Tuesday, April 19, 2016

New Obama Administration Habitat Rules Grant Limitless Discretion to Federal Agencies

Washington, D.C. – Today, the House Committee on Natural Resources held an oversight hearing on the Obama Administration’s expansive new definitions and revised criteria for designating critical habitat under the Endangered Species Act.
Chairman Rob Bishop (R-UT) argued the new rules allow the
U.S. Fish and Wildlife Service (FWS) and the National Oceanic and Atmospheric Administration’s (NOAA) Fisheries Service nearly limitless discretion in restricting private and federal land use.
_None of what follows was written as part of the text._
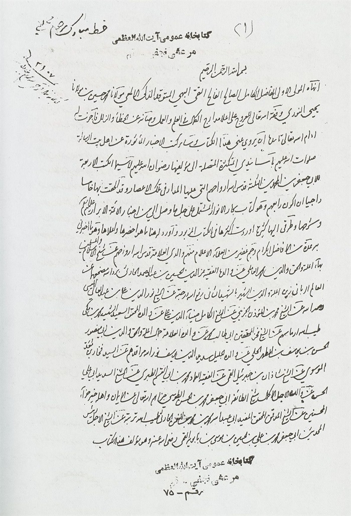 (1) بسم اللّٰه الرحمن الرحيم وسلام علي عباده الذين اصطفي.

He pointed out the negative impact they will have on the American people.
“These rules will now make it even easier for the federal government to absorb larger and larger swaths of land and water […] from local, state governments and private citizens. […] It’s going to hurt people, and unfortunately those people who are going to be hurt have almost no recourse towards this particular situation,” Bishop said.

The rules usurp Congress’ legislative and constitutional prerogatives, and create sweeping new authorities to designate critical habitat at the agencies’ sole discretion.  

“The Services have essentially granted to themselves authority to designate any area that may, someday in the future, become suitable for a species—even in places where there is absolutely no evidence currently that the species have existed there. […] In the future, I expect the agencies to ask Appropriations for tarot cards and ouija boards so they can do the work under this expanded rule," Bishop stated.

Vice Chairman Cynthia Lummis (R-WY) highlighted the expected litigious challenges that will result from the new rules and called for an updated conservation strategy.

“Court battles slow down the ability to recover species and steal money from recovery. We need a new 21st century conservation effort that is consistent with the movement that the American people have made in their understanding of sound science. […] We can and should do better for our wildlife,”  Lummis stated.  

Wyoming witness Karen Budd-Falen, Senior Partner of Budd-Falen Law Offices, LLC, grew up a fifth-generation rancher and commented on the impact the rules will have on the local agriculture community.

“While the agriculture community raised a huge alarm over the ‘waters of the U.S.,’ the Fish and Wildlife Service was quietly implementing these new rules, in a piecemeal manner, without a lot of fanfare. Honestly, I believe these new habitat rules will have as great or greater impact on the private lands and federal land permits […]. I would hope that the outcry from the agriculture community, private property advocates, and our Congressional delegations would be as great,” Budd-Falen said.

Colorado witness Robbie LeValley, County Administrator of Delta County, argued the new rules will not benefit habitat species and will have a negative economic impact on ranchers and rural communities.

“Imposing regulatory change on grazing without any scientific basis is unwarranted and makes it clear that this Administration’s intent is to manage away from productive uses, rather than actually protecting species and their habitat,” LeValley stated.

Highlighting the FWS’s inconsistent track record on ESA implementation, Rep. Dan Newhouse (R-WA) asked Dan Ashe, Director of FWS, why—despite growing numbers of wolves—the Service has not finalized its 2013 proposed wolf delisting.

“The wolf is probably one of the most frustrating issues during my tenure as Director. […] We’re kind of like that truck that’s in the mud up to the running board, so you know we can’t go forward and we can’t go backward,” Ashe responded.